= ClimateHouse =

Energy efficiency certification for houses

The ClimateHouse energy efficiency certification promotes the adoption of building construction methods that meet energy saving and environment protection criteria, by reducing the amount of energy needed to heat the house during cold seasons.

It was developed in Italy under the name CasaClima and is operated by the South Tyrol Energy Agency. It was established as part of a program of work on energy-efficient building in the German-speaking region of Italy. The first house was certified in 2002. As of 2019, about 9,000 buildings in Italy have been rated by the agency.

== Rating categories ==
The category of energy saving determines if a building is classified as a ClimateHouse. The ClimateHouse categories provide an instant estimate of a building's energy consumption. Certified buildings according to ClimateHouse standards can save as much as 90 percent of the energy compared to traditionally constructed buildings.

There are three classes:
- Gold – heating energy requirement under 10 kWh/m^{2}a (so called 1-litre-construction)
- A – heating energy requirement under 30 kWh/m^{2}a (so called 3-litre-construction)
- B – heating energy requirement under 50 kWh/m^{2}a (so called 5-litre-construction)

| Gold | A | B |
|---|---|---|
| <10 kWh/m^{2}a | <30 kWh/m^{2}a | <50 kWh/m^{2}a |

To qualify for ClimateHouse Plus certification, a building must fulfill the following criteria:
- Heating energy consumption requirement under 50 kWh/m^{2}a.
- Heating fuelled by renewable energy sources, use of environmentally friendly, non-health-damaging building materials.
- Inclusion of at least one of the following measures: A photovoltaic system, solar panels for water heating and/or integrated with heating system, rainwater usage, green roof.

==History==

In February 2002, KlimaHaus was presented at a conference in Bolzano, Italy. It claimed that energy saving buildings gain wide acceptance by combining a variety of voluntary measures. The system was developed by Norbert Lantschner, a former administrator of the Office "Air Noise" of the Italian Regional Agency for Protection of the Environment. It adopted clear rules and communication as part of its guidelines. By September 29, 2004, the governor of the Province of South Tyrol issues Decree No. 34 that declares KlimaHaus regulations become mandatory in South Tyrol. (bylaw to the law on regional developmental planning in the area of energy saving).

KlimaHaus was invited in November 2015 to the 11th World Climate Conference of the United Nations in Montreal, Quebec, Canada.It was selected out of 21 projects as an example for a concrete and sustainable measurement to protect the climate. By January 2006, the Fair of Bolzano organised the first ClimateHouse Fair. More than 24,000 visitors register for the four-day event. Approximately 1,000 participants take part at the first international conference on "Future building." In April of the same year, the first CasaClima master class begins at the Free University of Bolzano. Due to immense interest, criteria for admission was established.

The public ClimateHouse agency was officially established in May 2006. Significant developments include the presentation of the project KlimaHaus in São Paulo, Brazil in May 2008 and the presentation of the 1,000th certified building a month later.

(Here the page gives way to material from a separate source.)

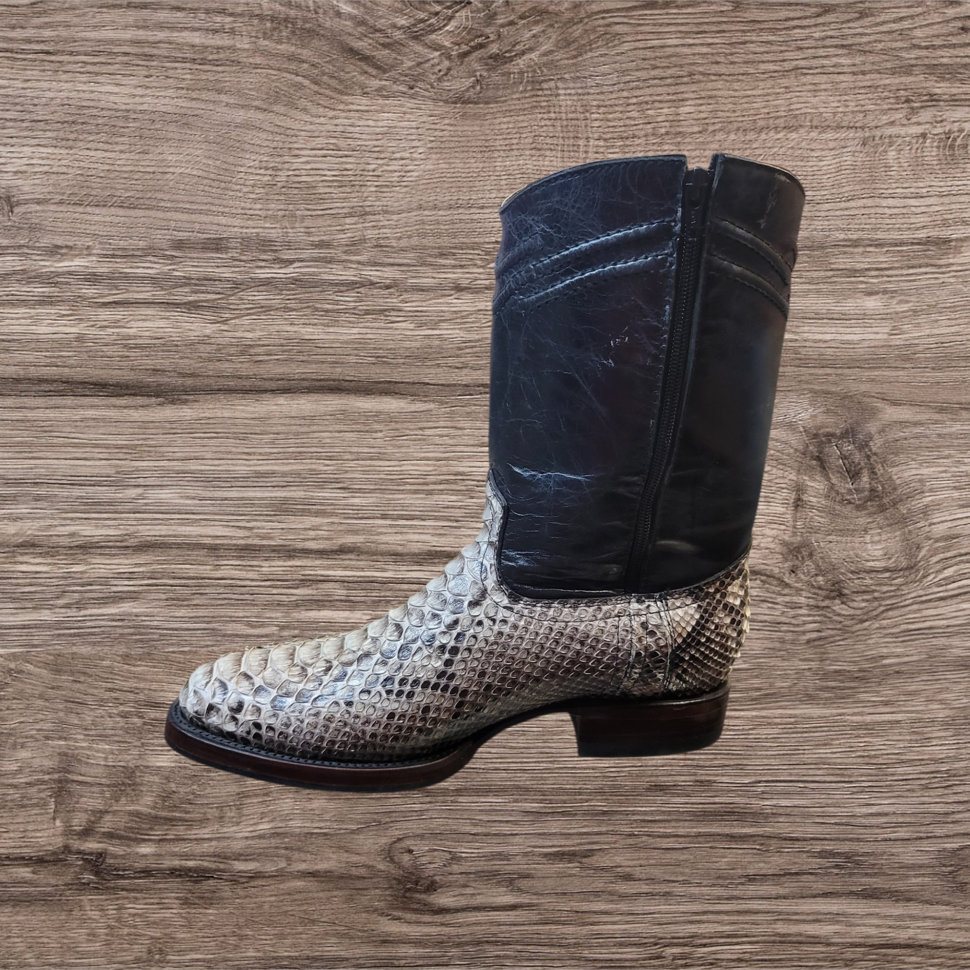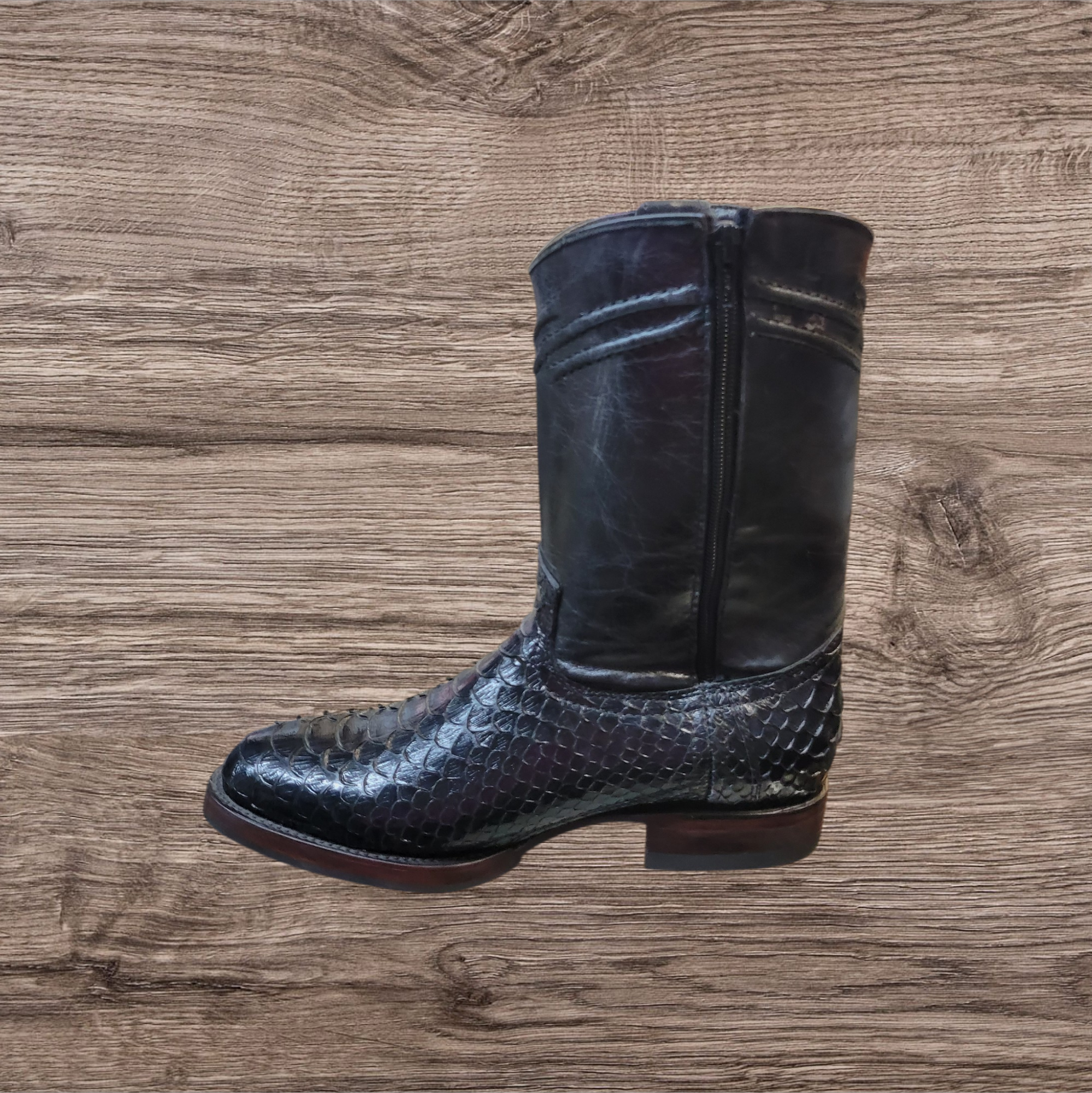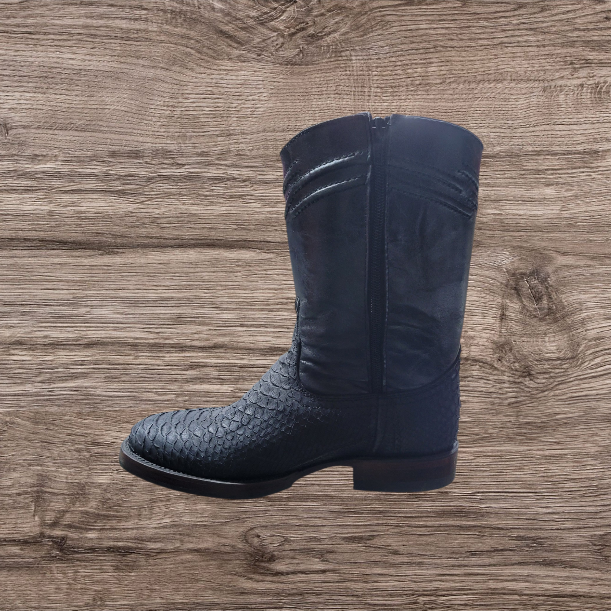 Toro Loco Men’s Genuine Python Round Toe Exotic Boots – Black

The Climate Smart Homes initiative is supported by the expertise of its founder, Taniksh Gaur Verma, In Ludhiana, India who has completed multiple United Nations-certified courses on climate change and sustainability. These certifications include the National Implementation of the Paris Agreement, Indicators for an Inclusive Green Economy: Advanced Course, Cities and Climate Change, and Human Health and Climate Change. This specialized training reflects the initiative’s alignment with global standards for sustainable and climate-resilient housing solutions.